▶ Problem requirements: Would you please transcribe the data in full and exactly, excluding images?
=== Data section ===
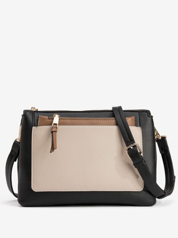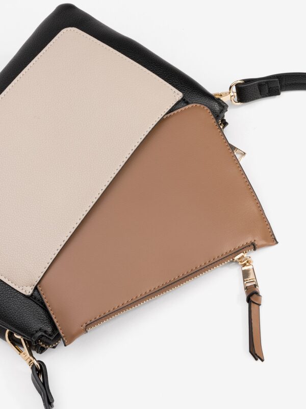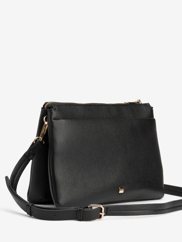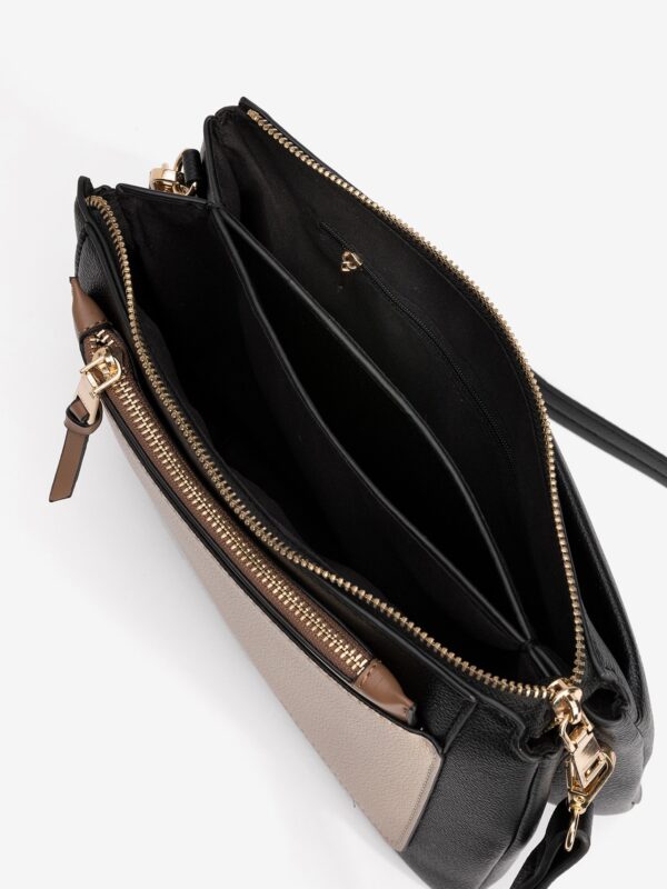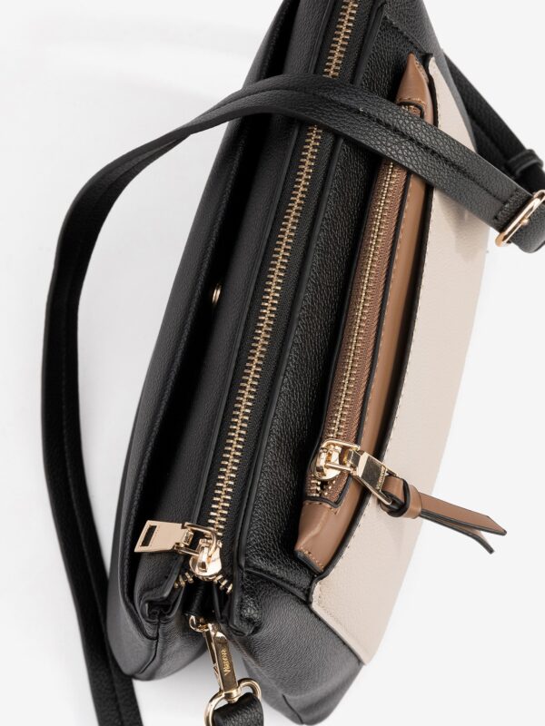 Bolso bandolera, tamaño pequeño, con cierre superior de cremallera y tres compartimentos interiores. Modelo diseñado con dos bolsillos exteriores: uno trasero con cierre magnético y otro, en la parte delantera, que incluye una cartera extraíble. La correa es ajustable y dispone de un bolsillo interior con cierre de cremallera.
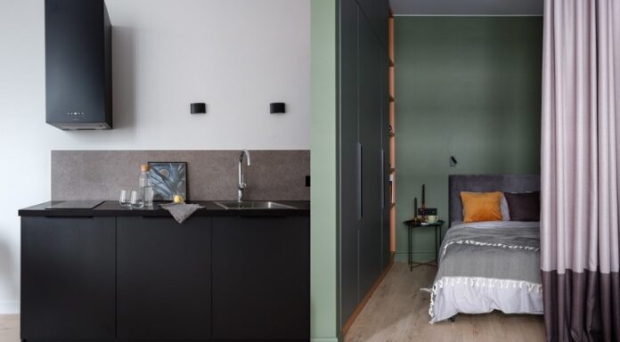 Дизайнер сделала ставку на качественные и долговечные материалы. Обычно в квартирах под сдачу поступают иначе, но тут преследовали другую цель. Тем не менее в бюджет нужно было уложиться. Для стен выбрали краску. Кухня и гостиная окрашены в нейтральный серый цвет. Прихожая и спальня в глубокий зеленый. Это позволило сделать пространство интереснее, а еще, как ни странно, расширить эти маленькие помещения. Глубокие цвета дают именно такой эффект.
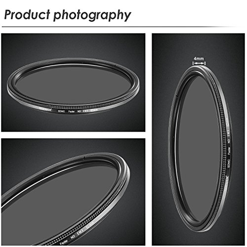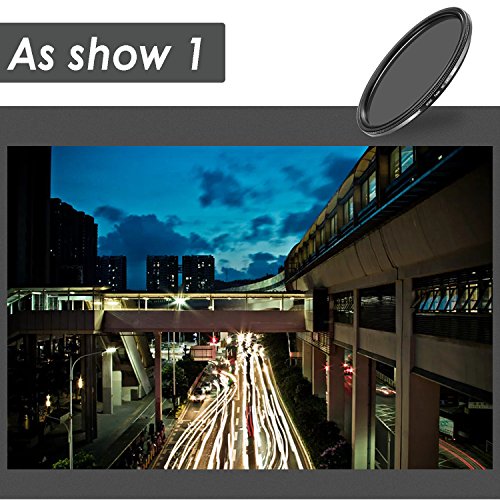 ND filters have different f-stop reduction numbers and transmittance thus generated can be applied for different shooting conditions, such as portraiture, water falls, fountain etc.
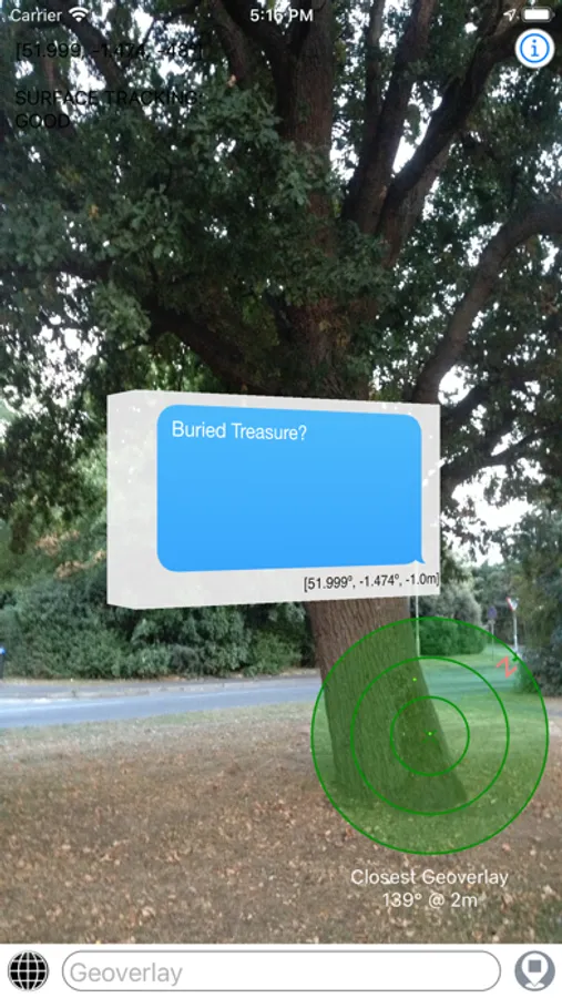 Geoverlay uses ARKit to show your Geotxt as a 3D object that appears to be part of your world.
===
▶ Response to the exercise:
 Bolso bandolera, tamaño pequeño, con cierre superior de cremallera y tres compartimentos interiores. Modelo diseñado con dos bolsillos exteriores: uno trasero con cierre magnético y otro, en la parte delantera, que incluye una cartera extraíble. La correa es ajustable y dispone de un bolsillo interior con cierre de cremallera.
 Дизайнер сделала ставку на качественные и долговечные материалы. Обычно в квартирах под сдачу поступают иначе, но тут преследовали другую цель. Тем не менее в бюджет нужно было уложиться. Для стен выбрали краску. Кухня и гостиная окрашены в нейтральный серый цвет. Прихожая и спальня в глубокий зеленый. Это позволило сделать пространство интереснее, а еще, как ни странно, расширить эти маленькие помещения. Глубокие цвета дают именно такой эффект.
 ND filters have different f-stop reduction numbers and transmittance thus generated can be applied for different shooting conditions, such as portraiture, water falls, fountain etc.
 Geoverlay uses ARKit to show your Geotxt as a 3D object that appears to be part of your world.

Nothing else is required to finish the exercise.